IN THE COURT OF APPEALS OF THE STATE OF IDAHO

Docket No. 43779

STACY LOUGHMILLER fka ) 2016 Unpublished Opinion No. 634 GUSTAFSON, ) ) Filed: August 5, 2016 Plaintiff-Appellant, ) ) Stephen W. Kenyon, Clerk v. ) ) THIS IS AN UNPUBLISHED MARK GUSTAFSON, ) OPINION AND SHALL NOT ) BE CITED AS AUTHORITY Defendant-Respondent. ) )

Appeal from the District Court of the Fourth Judicial District, State of Idaho, Ada County. Hon. Gerald F. Schroeder, District Judge. Hon. Terry R. McDaniel, Magistrate.

Order of the district court, on intermediate appeal from the magistrate, affirming judgment for modification of child support, affirmed.

Stacy Loughmiller, Boise, pro se appellant.

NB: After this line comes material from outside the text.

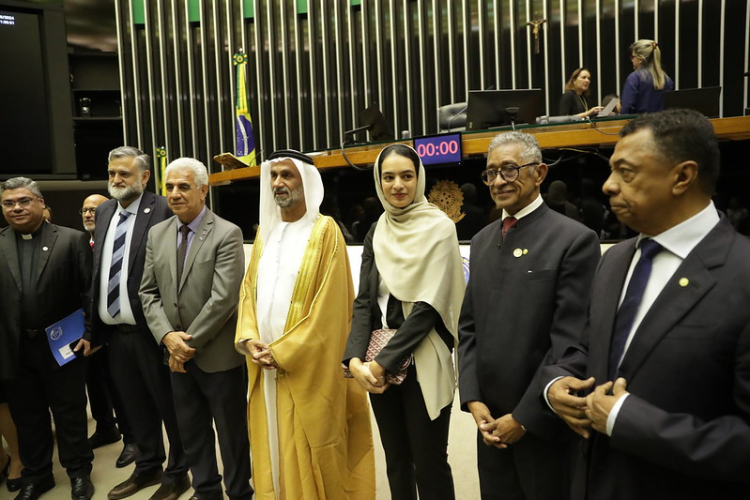Após a Sessão Solene, o presidente do Conselho Global da Tolerância e da Paz (GCTP), Ahmed Bin Mohammad Al-Jarwan, concedeu uma entrevista coletiva à imprensa no Salão Verde da Câmara dos Deputados.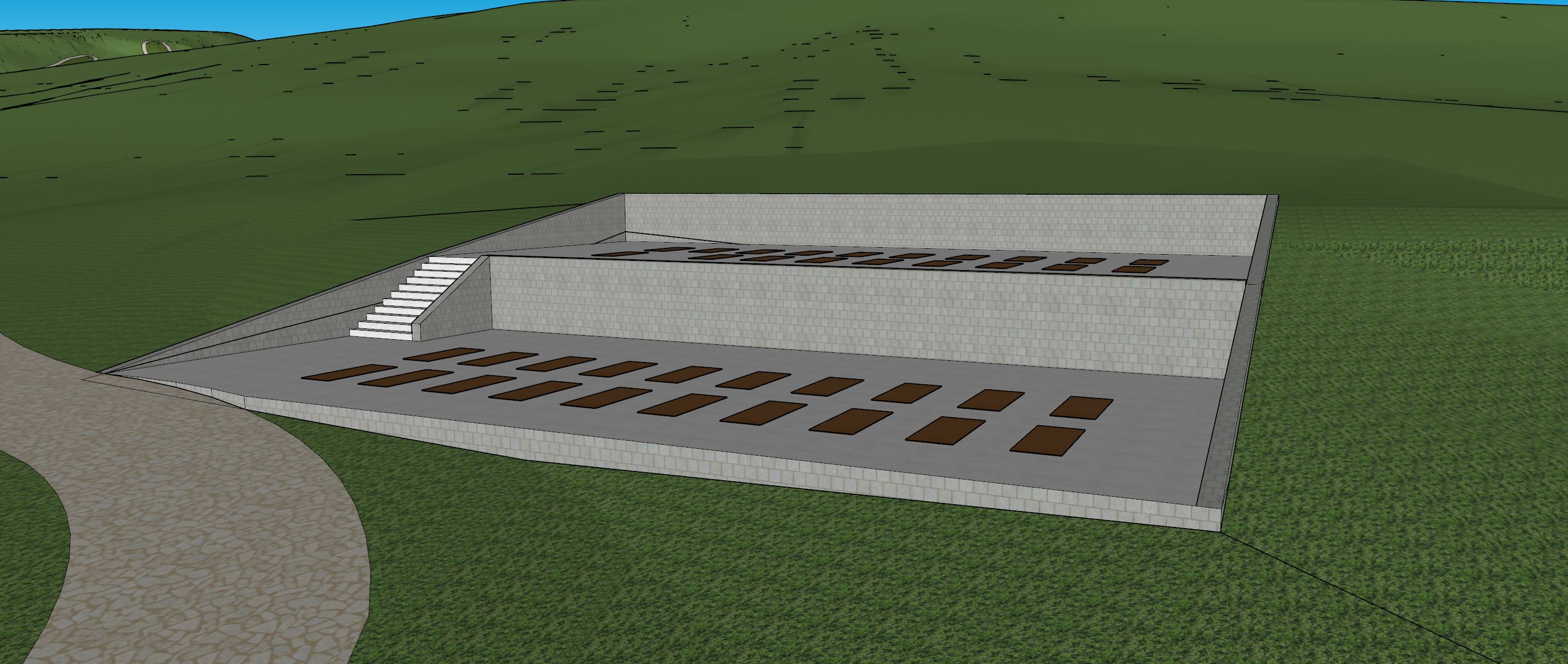 convert this screenshot into a hyper realistic architectural render of a two level outdoor yoga platform integrated into a dense metropolitan forest preserve the exact geometry of the two concrete platforms their heights the retaining walls and the staircase exactly as modeled surround the area with a dense forest of native trees but ensure tree trunks are scaled appropriately natural proportions not oversized consistent with realistic forest growth and human scale add lush greenery ferns shrubs and slightly wild undergrowth around all edges of the platforms use light grey textured architectural concrete for platforms stairs and retaining walls the yoga mats should remain in the same positions and proportions reinterpreted as natural fiber mats in warm earthy tones the walkway leading to the area must become a rustic stone paved path empedrado with irregular stones embedded in the soil it is very important to keep the exact orientation and curvature of the walkway do not modify rotate or realign it only enhance its material lighting bright daytime lighting mid morning with clear illumination to avoid dark forest shadows light should filter through the trees naturally maintaining the bright fresh atmosphere seen in the zumba area style ultra realistic editorial aesthetic consistent with the forest wellness park high detail in vegetation textures shadows and materials maintain the original camera angle no people

Cosho, Humphrey, LLP; Mackenzie E. Whatcott, Boise, for respondent. ________________________________________________

MELANSON, Chief Judge Stacy Loughmiller, fka Gustafson, appeals from the district court’s order affirming the magistrate’s judgment for modification of child support. For the reasons stated below, we affirm. I. FACTS AND PROCEDURE Stacy and Mark Gustafson were divorced in 2009. Mark and Stacy had two children and were awarded joint physical and legal custody. The judgment and decree of divorce ordered Mark to pay child support in the amount of $385 per month. Mark also agreed to pay Stacy monthly payments of $2,844 until 2019 as part of the property settlement. Mark also agreed to

1 pay alimony in 2010, 2011, and 2012. The parties agreed that, in 2013, child support would be renegotiated. The parties were unable to reach an agreement about the amount of child support and Stacy filed a motion to modify the child support. The magistrate held a hearing on Stacy’s motion. The parties stipulated that, for purposes of child support calculations at the time of the hearing, Mark’s income was $550,000 and Stacy’s was $38,000. As a result, Mark was ordered to pay $1,726 per month in child support, 100 percent of health care costs and out-of-pocket health care costs, and 94 percent of extracurricular expenses. Stacy appealed and the district court affirmed the magistrate’s order. Stacy again appeals. II. STANDARD OF REVIEW For an appeal from the district court, sitting in its appellate capacity over a case from the magistrate division, this Court’s standard of review is the same as expressed by the Idaho Supreme Court. The Supreme Court reviews the magistrate record to determine whether there is substantial and competent evidence to support the magistrate’s findings of fact and whether the magistrate’s conclusions of law follow from those findings. Pelayo v. Pelayo, 154 Idaho 855, 858-59, 303 P.3d 214, 217-18 (2013). If those findings are so supported and the conclusions follow therefrom, and if the district court affirmed the magistrate’s decision, we affirm the district court’s decision as a matter of procedure. Id. Thus, the appellate courts do not review the decision of the magistrate. Bailey v. Bailey, 153 Idaho 526, 529, 284 P.3d 970, 973 (2012). Rather, we are procedurally bound to affirm or reverse the decision of the district court. Id. Modification of child support is within the sound discretion of the trial court and will not be altered on appeal unless there is a manifest abuse of discretion. Margairaz v. Siegel, 137 Idaho 556, 558, 50 P.3d 1051, 1053 (Ct. App. 2002). When a trial court’s discretionary decision is reviewed on appeal, the appellate court conducts a multi-tiered inquiry to determine: (1) whether the lower court correctly perceived the issue as one of discretion; (2) whether the lower court acted within the boundaries of such discretion and consistently with any legal standards applicable to the specific choices before it; and (3) whether the court reached its decision by an exercise of reason. Sun Valley Shopping Ctr., Inc. v. Idaho Power Co., 119 Idaho 87, 94, 803 P.2d 993, 1000 (1991).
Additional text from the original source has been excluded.